The goal of our designed binder is to interfere with the normal interaction between FGFR2 and FGF1. In other words, the binder should occupy or block the region where the natural ligand would bind, making FGFR2 less likely to become activated.

This brings an important challenge: selectivity. FGFR2 is part of a family of very similar receptors. FGFR1, in particular, has a structure very close to FGFR2. If we design a binder that only "likes" FGFR2 in a generic way, it may also bind FGFR1. That would be a problem, because FGFR1 has its own normal roles in the body, and blocking it could cause unwanted side effects.

In the structural overlay below, FGFR2 is green and FGFR1 is gray. They share substantial structural similarity, which means the binder choice has to be specific rather than merely sticky.

Structural overlay of FGFR2 and FGFR1 — FGFR2 and FGFR1 overlap substantially, making selectivity a central design constraint.

Let us now put it on the quantitative side for ML. When designing a binder, we can use a number of affinity measures to estimate how well it binds to the target protein. The chosen metric for this hackathon was iPSAE, a confidence score for protein-protein binding. Our goal was to maximize iPSAE between our designed binder and FGFR2, while minimizing the same score with respect to FGFR1. This is commonly called minimizing the off-target binding.

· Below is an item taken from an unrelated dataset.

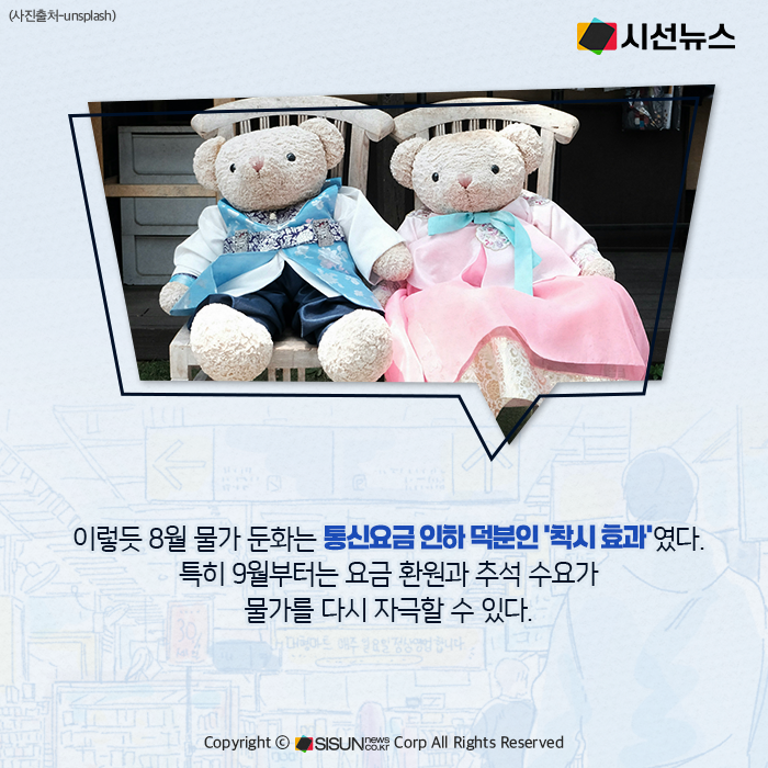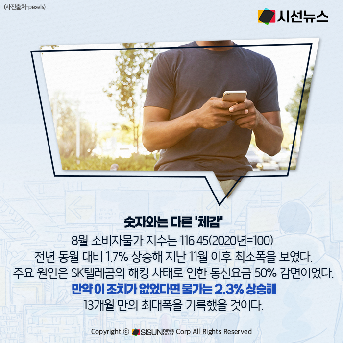 통계청이 발표한 ‘8월 소비자물가동향’에 따르면, 지난달 소비자물가지수는 116.45(2020년=100)로 전년 동월 대비 1.7% 상승했다. 지난해 11월 이후 가장 낮은 상승률이다. SK텔레콤이 해킹 사태로 가입자 전체 요금을 한 달간 50% 감면하면서 통신요금이 21%나 하락했고, 이 효과가 물가 둔화의 가장 큰 원인으로 작용했다. 만약 통신요금 인하가 없었다면 물가 상승률은 2.3%에 달해 13개월 만의 최대폭을 기록했을 것이라는 분석도 나온다.

We will talk later about the models and tools we used to generate protein binders and measure iPSAE, but at this stage of the hackathon, after figuring out the main problem, it was time for our biology teammates to shine. A crucial step was figuring out which regions of the target our binder should attach to, and making principled choices grounded in protein biology.

Design choices

The first priority was to clarify the key design choices: which specific regions of the target the binder should engage, and which ML tools we could use to generate it. With less than 48 hours available, this step is critical. There is not much time to iterate through many trials. Generating batches of targets takes time, and we wanted to generate large batches to maximize the probability of getting at least one good binder.

At this point we decided to split based on expertise: the biology people identified the target regions, while the ML people set up the model pipeline and made sure it worked. During this phase, constant dialogue matters. While choosing the biological constraints, you must make sure you have models that can satisfy them. This is also how you learn a lot about the biology side of the problem; most of what I am writing here I learned during the hackathon.

Identifying the target

When designing our binder, we first had to decide which part of FGFR2 to target.

This was important because FGFR2 is very similar to other receptors in the same family, especially FGFR1. Our goal was to find a region that satisfied three conditions.

It had to be exposed, so a binder could physically reach it.
It had to matter biologically, meaning it should be involved in receptor recognition or function.
It had to be different enough from FGFR1, so the binder could learn FGFR2-specific features.

Based on structural inspection and sequence comparison, we selected the D3 domain of FGFR2. This domain is part of the extracellular region of the receptor and contributes strongly to ligand specificity.

FGFR2 D3 domain highlighted in cyan — The selected D3 domain, highlighted in cyan.

More importantly for our design task, D3 contains exposed loops and variable residues that differ between FGFR2 and FGFR1. These differences give the binder something specific to recognize.

FGFR2-specific features on the D3 domain. The D3 domain is shown in cyan, while residues that differ from FGFR1 are highlighted in orange. These exposed variable residues create a specificity patch that can guide FGFR2-selective binder design.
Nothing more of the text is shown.